I think we are looking at something more similar to:
- https://bugs.launchpad.net/ubuntu/+source/systemd/+bug/1456789
- https://bugs.debian.org/cgi-bin/bugreport.cgi?bug=774153
- https://bugs.freedesktop.org/show_bug.cgi?id=92430
- https://bugzilla.redhat.com/show_bug.cgi?id=1367981
But for me `systemctl daemon-reexec` didn't serve as a workaround, so maybe not the exact same?
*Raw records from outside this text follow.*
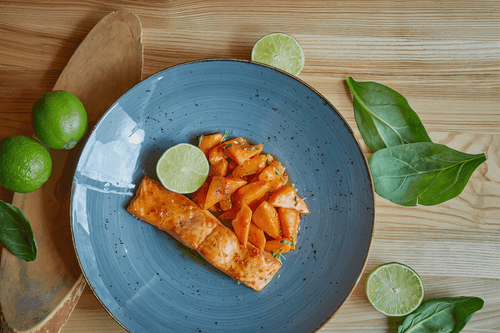 Salmon with chili-honey sauce and caramelized carrots is a vivid example of the harmony of sweet, spicy, and salty flavors characteristic of Chinese cuisine. This recipe combines tender salmon fillet baked to a golden crust with a spicy honey-chili sauce that adds zest. Caramelized carrots soaked in the sweetness of honey and the depth of soy sauce lend softness and richness to the dish. The history of the dish traces back to traditional Chinese techniques for processing fish and vegetables that highlight the natural flavors of the ingredients. It is recommended to serve it with lime, which adds fresh citrus notes, and watercress salad to complete the composition. This is not just a dish — it's a gastronomic journey that awakens taste buds and provides true enjoyment.
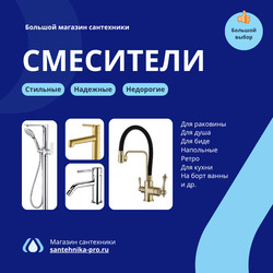 Интернет-магазин Santehnika-Pro.ru предлагает качественные смесители по выгодным ценам. В наличии модели для ванной, кухни, душа и раковин — от эконом-класса до премиума.
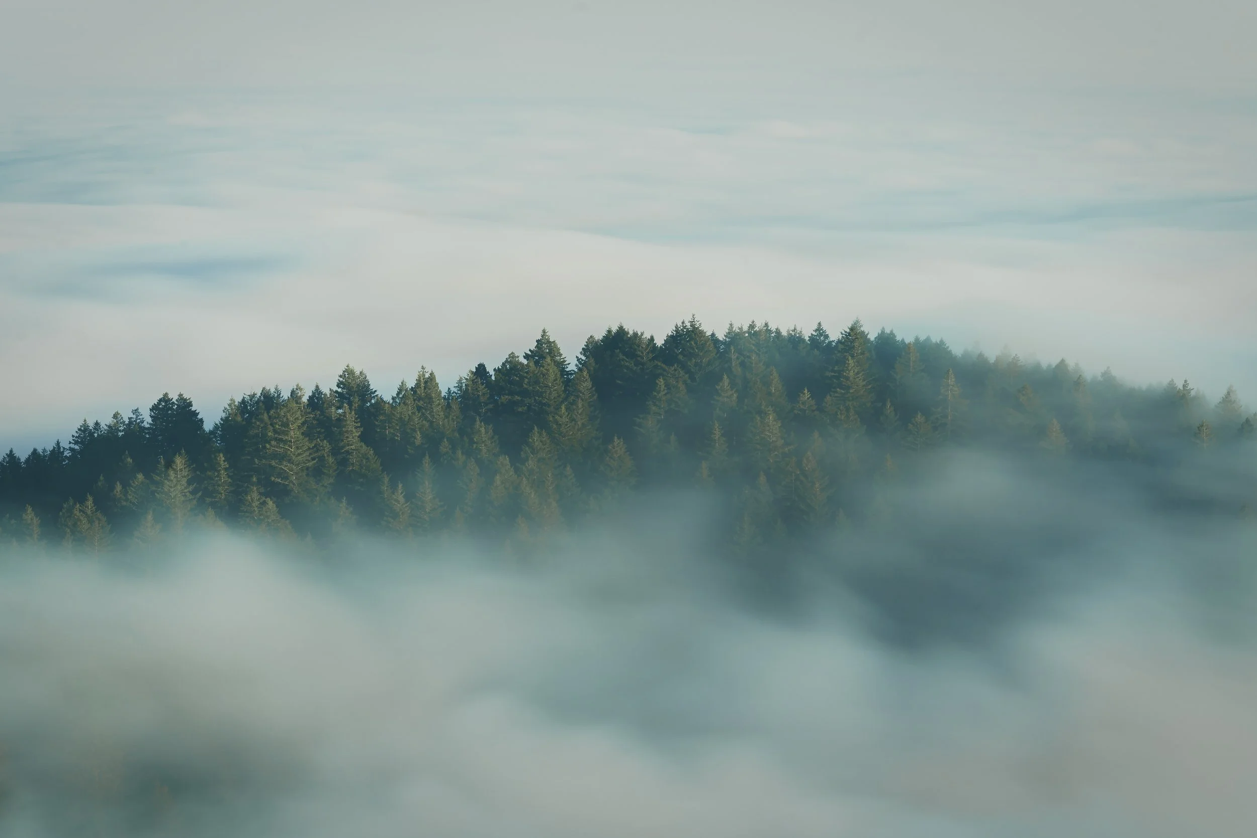 A smaller peak around Mount Tamalpais peaks through the flowing clouds.

Similar is https://bugs.launchpad.net/ubuntu/+source/systemd/+bug/1565617 in which case /bin/systemd-tty-ask-password-agent was a red herring - but the fix for that has landed and we still see it.

The next questions open to me now are:
- why does /bin/systemd-tty-ask-password-agent open here
- is /bin/systemd-tty-ask-password-agent the process holding this up?

For the latter I set up this debug trick:
lrwxrwxrwx 1 root root 9 Sep 2 07:27 /bin/systemd-tty-ask-password-agent -> /bin/true*
But that was probably too rude and hangs it in:
  [systemd-tty-ask] <defunct>

Sergio, maybe you can continue from here tracking these two open questions further down?